Sürdürülebilir mimarinin yapıtaşlarını açıklayan Gönenç, “Hayatımızdaki en önemli gerçek kaynaklarımızın sınırlı olduğu. Bu sebeple kaynakları minimum seviyede kullanmak, doğayla uyumlu ve insan sağlığı için faydalı yapılar üretmek bu konseptin temelini oluşturuyor. Güneş ışığının en verimli şekilde kullanılması, sosyalleşme ve rahatlama alanlarının proje içerisinde yer alması, ergonomik mobilya tasarımı, yeşil alan yaratılması gibi detaylar önemli noktaları oluşturuyor” dedi.

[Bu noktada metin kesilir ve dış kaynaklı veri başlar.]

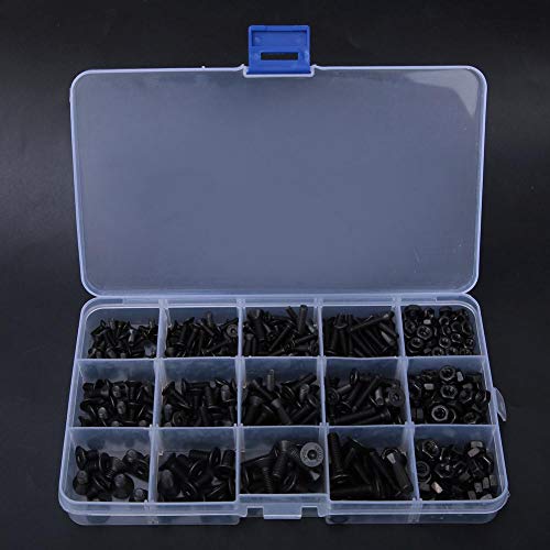 Set di dadi a vite, assortimento di dadi a vite 460pcs M3/M4/M5 bullone a brugola kit dado esagonale in acciaio al carbonio a testa piatta nera, bulloni esagonali set di dadi a dado

Sürdürülebilir Mimari Anlayışıyla “Geleceğin Ofisleri”
Geleceğin ofislerinin sürdürülebilir mimari anlayışıyla tasarlanacağını söyleyen Yüksek Mimar İklima Şenol Gönenç, “Çalışma alanlarının teknoloji odaklı, ofis içi hareketin, aktivitenin ön planda olduğu, birden çok şeye aynı anda odaklanabilme yeteneğinin gözetileceği şekilde evrilmesini bekliyoruz. Akıllı sistemlerin ofis mahalleri ve mobilyalarına entegrasyonu günümüzde tasarımlara yerleşmeye başladı ve önümüzdeki yıllarda tasarımların olmazsa olmazı haline gelecek. Teknolojinin her şeyi hızlandırması ve aynı mekanda hareketsiz geçirdiğimiz saatlerin süresinin artması mobilya ergonomilerinin geliştirilmesini mecbur kılacak. Gelecek ofislerin, yalnızca iş üretmenin dışında sosyal ihtiyaçlara cevap veren, teknoloji odaklı, sürdürülebilir ve aynı anda birden fazla iş yapmaya olanak sağlayan (multitasking), durağanlıktan uzak mekanlar olarak tasarlanacağını söylemek mümkün” ifadeleriyle geleceğin ofislerinin sahip olacağı özellikleri sıraladı.